§ DESCRIPTION OF THE TASK
Exclude the pictures and reproduce exactly the lines that run from the one holding "Handmade in Italy" to the end of the entries below.

§ RECORDS SHOWN

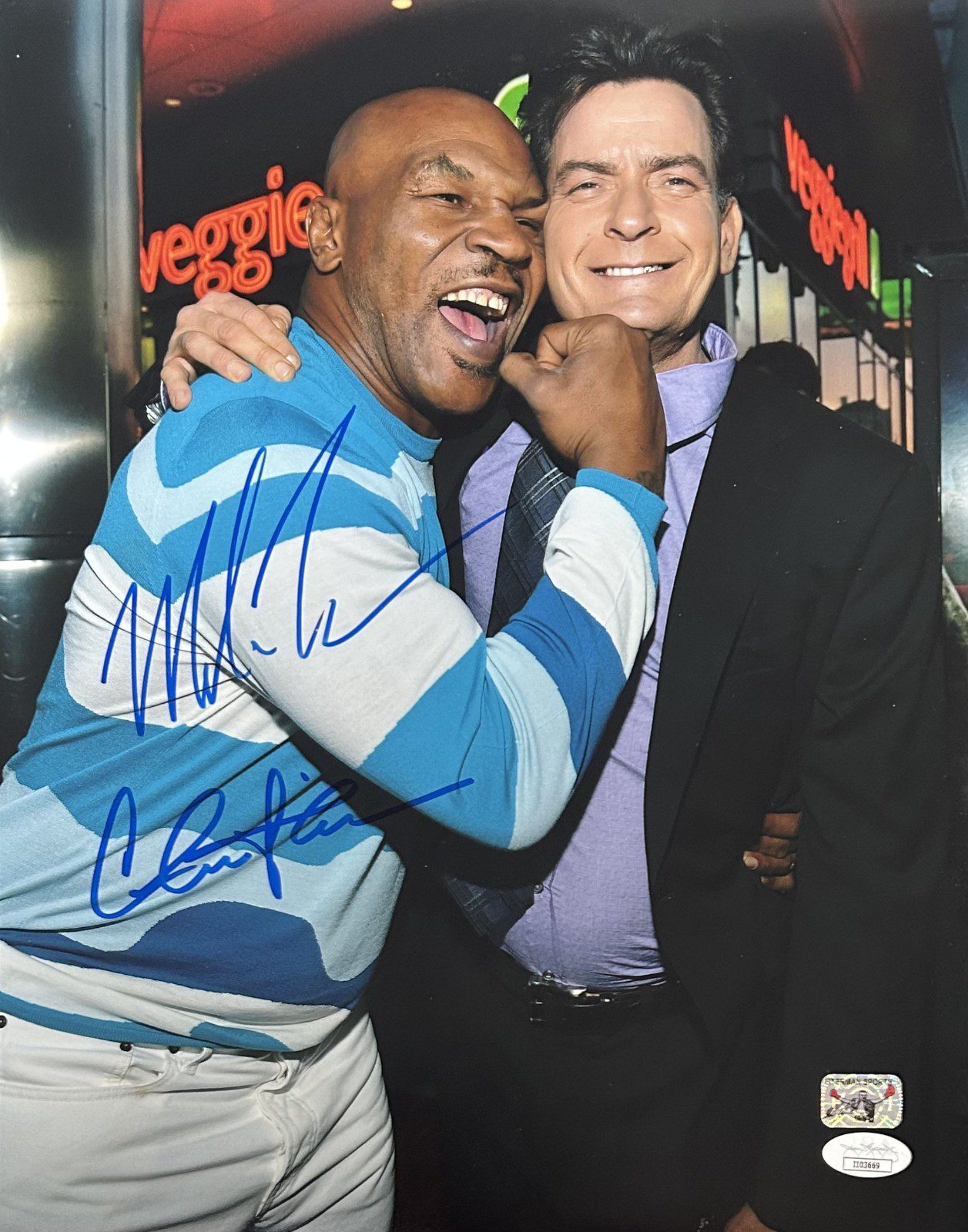 MIKE TYSON & CHARLIE SHEEN SIGNED 11×14 PHOTO JSA & TYSON AUTHENTICATION II03669
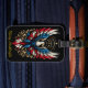 An illustration of a bald eagle with its wings spread wide, featuring the colours of the American flag.
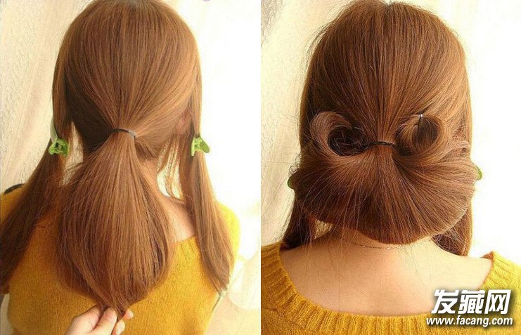 【盘发教程step03】接着,将中间的扎发向上卷曲盘成一个低盘发的造型,然后利用一字夹将其固定(如图)
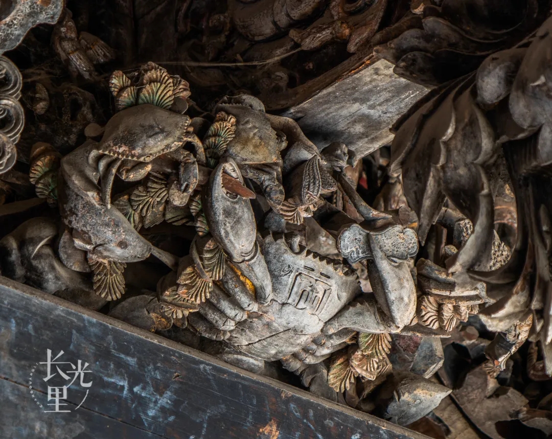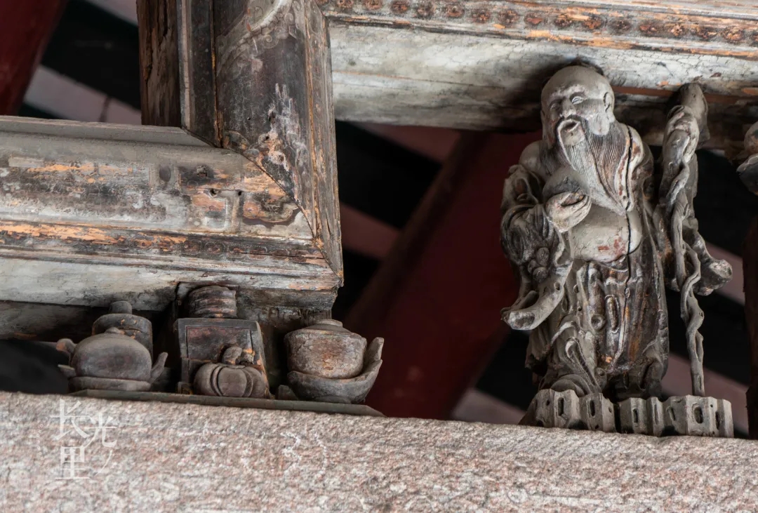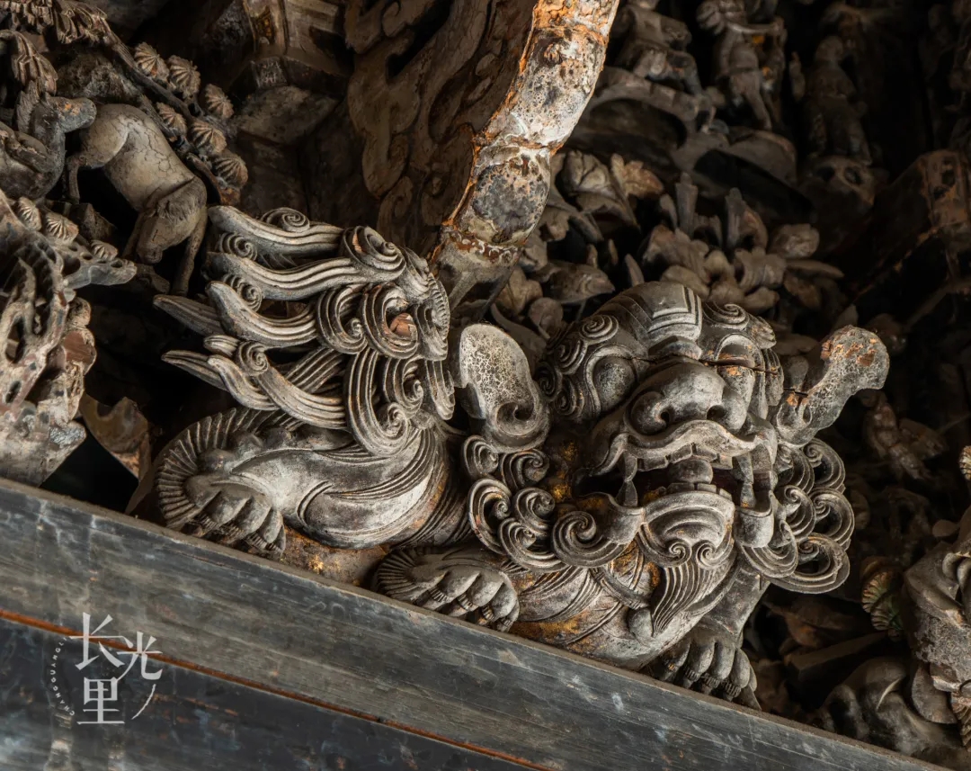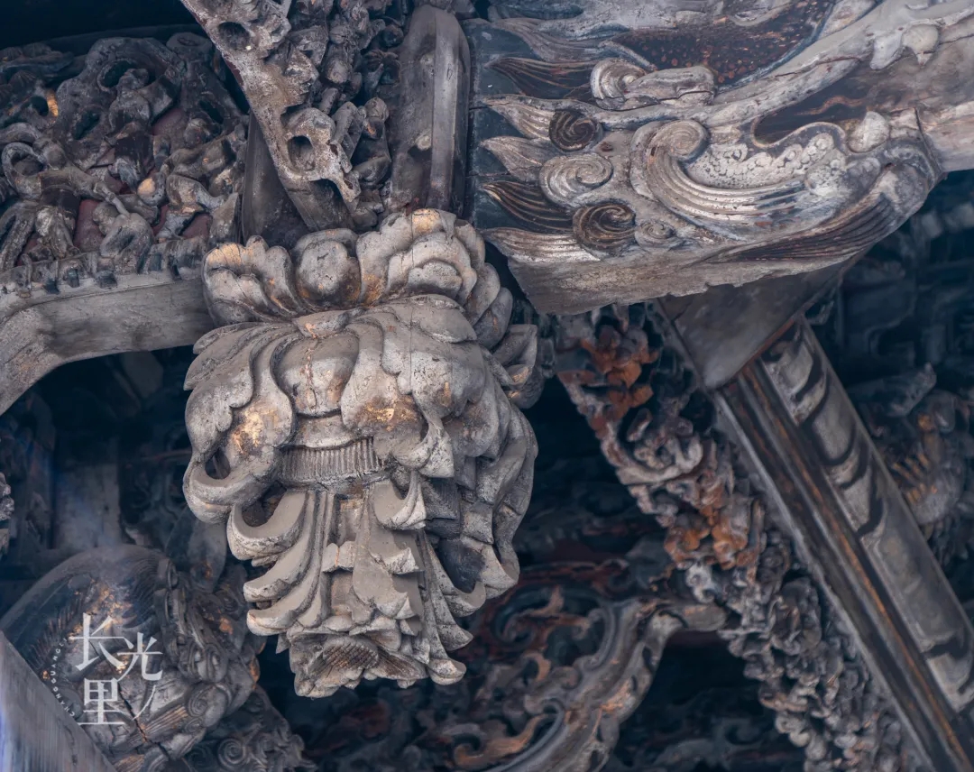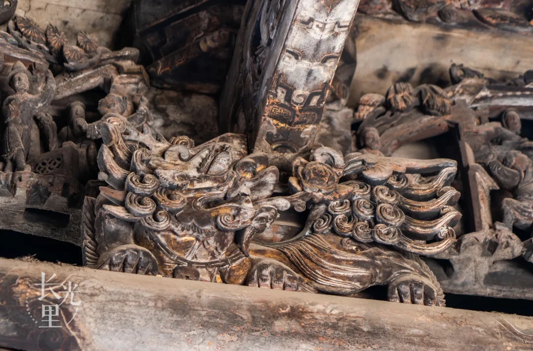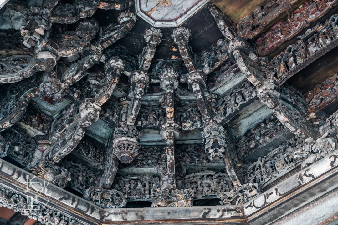藻井上的木雕保存完好,表層的金漆雖已褪去,也未有過一絲一毫的添補,它依舊保留著古樸與滄桑,但視覺效果依然震撼。
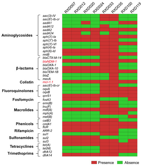 - Zankari, E.; Hasman, H.; Cosentino, S.; Vestergaard, M.; Rasmussen, S.; Lund, O.; Aarestrup, F.M.; Larsen, M.V. Identification of acquired antimicrobial resistance genes. J. Antimicrob. Chemother. 2012, 67, 2640–2644. [Google Scholar] [CrossRef]
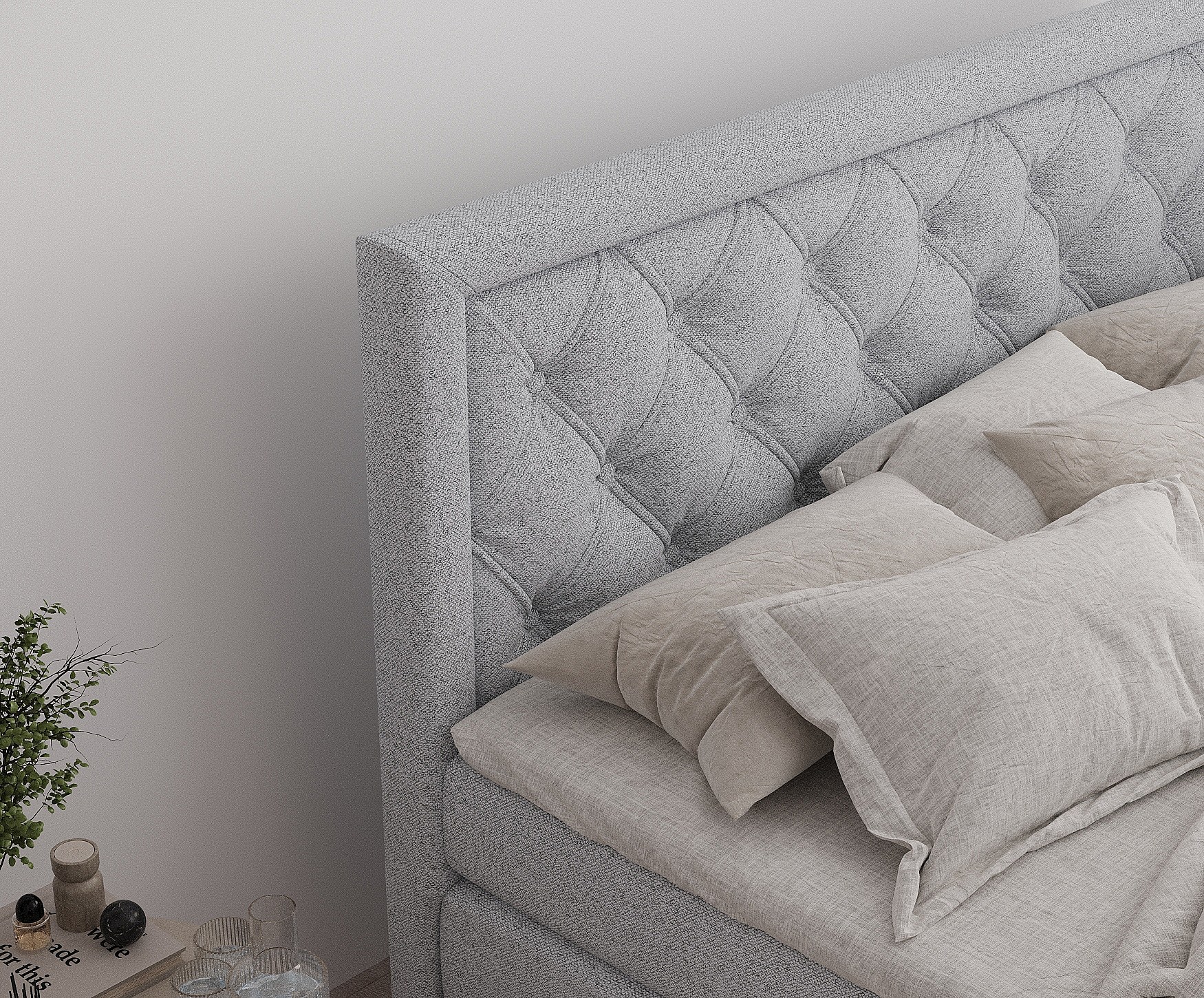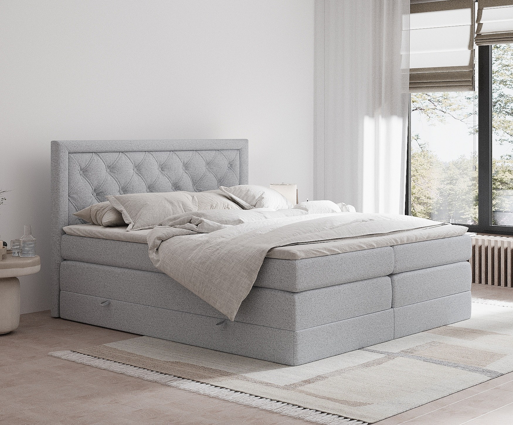 Lit boxspring en toile tissée Aurelia - matelas - surmatelas - 200x200 cm - gris clair
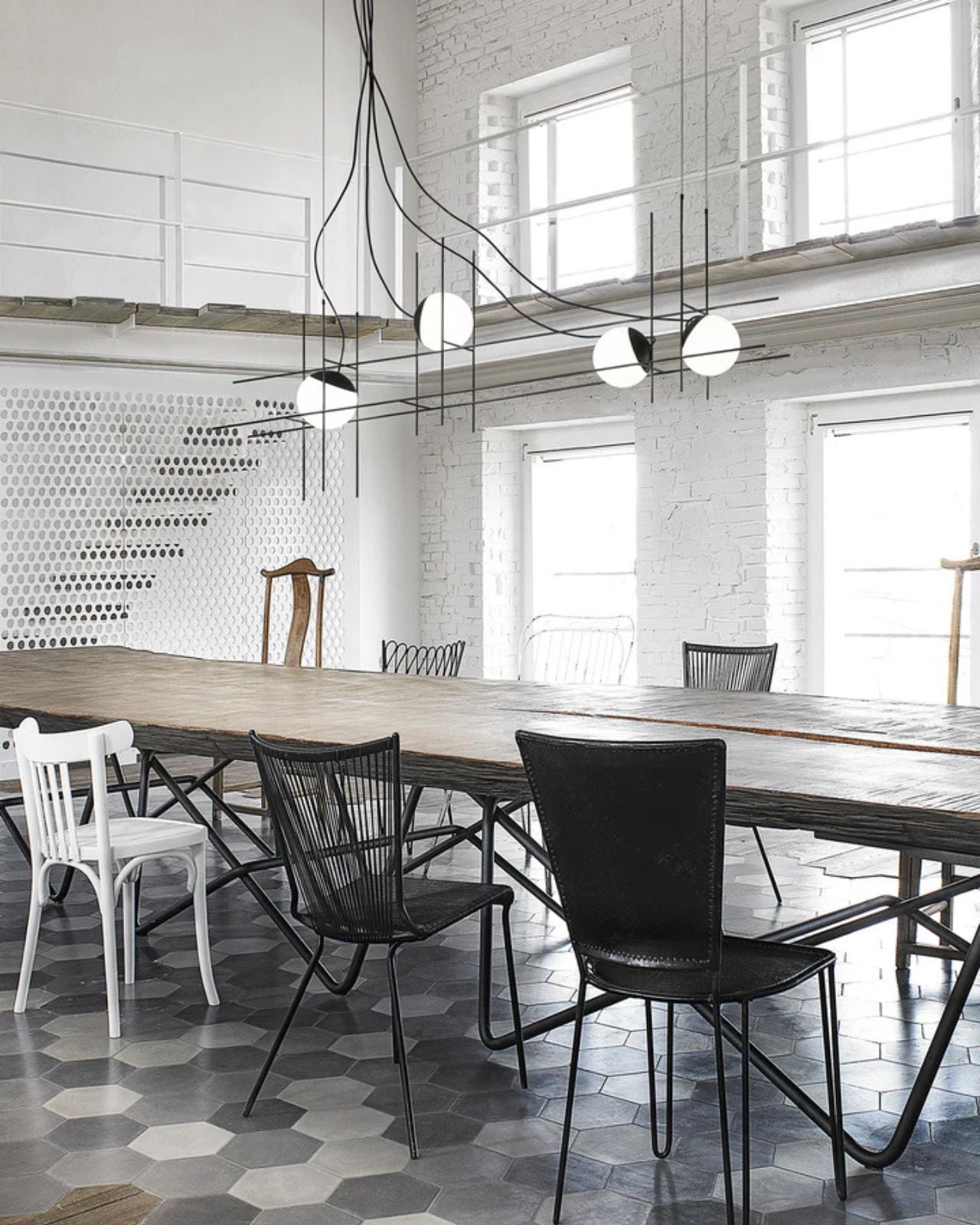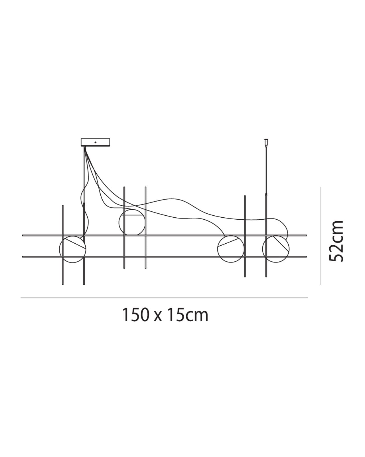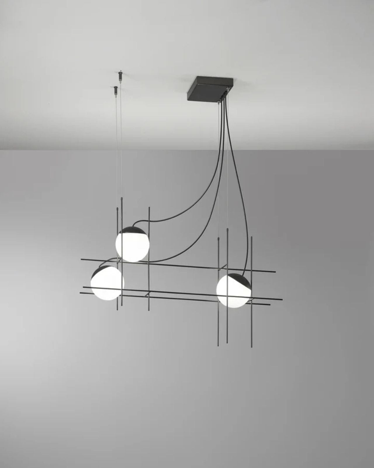 Handmade in Italy the design focus of this fitting is to create the illusion of light suspended in motion. Its linear weft crafted from Matte Black metal creates an exquisite form ideal for installation in high ceiling interior spaces over stairwells or dining areas. The capped blown glass white diffusers house a built-in LED source creating a focal point that will illuminate any room. Available in 3 or 4 light variations.
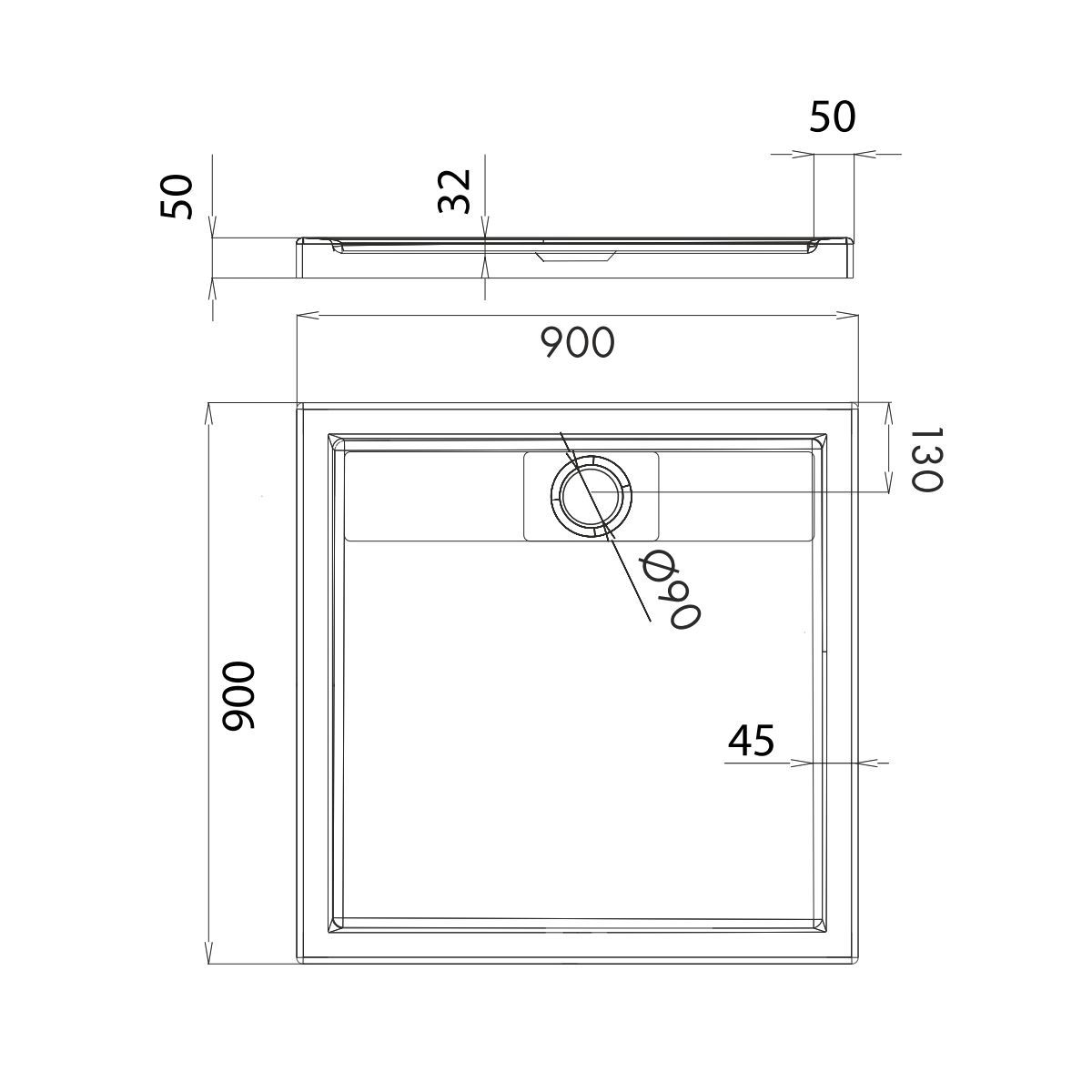 Omnires Brooklyn Quadratische Duschwanne 90x90 cm weiß BROOKLYN90/KBP

§ RESPONSE AREA
 Handmade in Italy the design focus of this fitting is to create the illusion of light suspended in motion. Its linear weft crafted from Matte Black metal creates an exquisite form ideal for installation in high ceiling interior spaces over stairwells or dining areas. The capped blown glass white diffusers house a built-in LED source creating a focal point that will illuminate any room. Available in 3 or 4 light variations.
 Omnires Brooklyn Quadratische Duschwanne 90x90 cm weiß BROOKLYN90/KBP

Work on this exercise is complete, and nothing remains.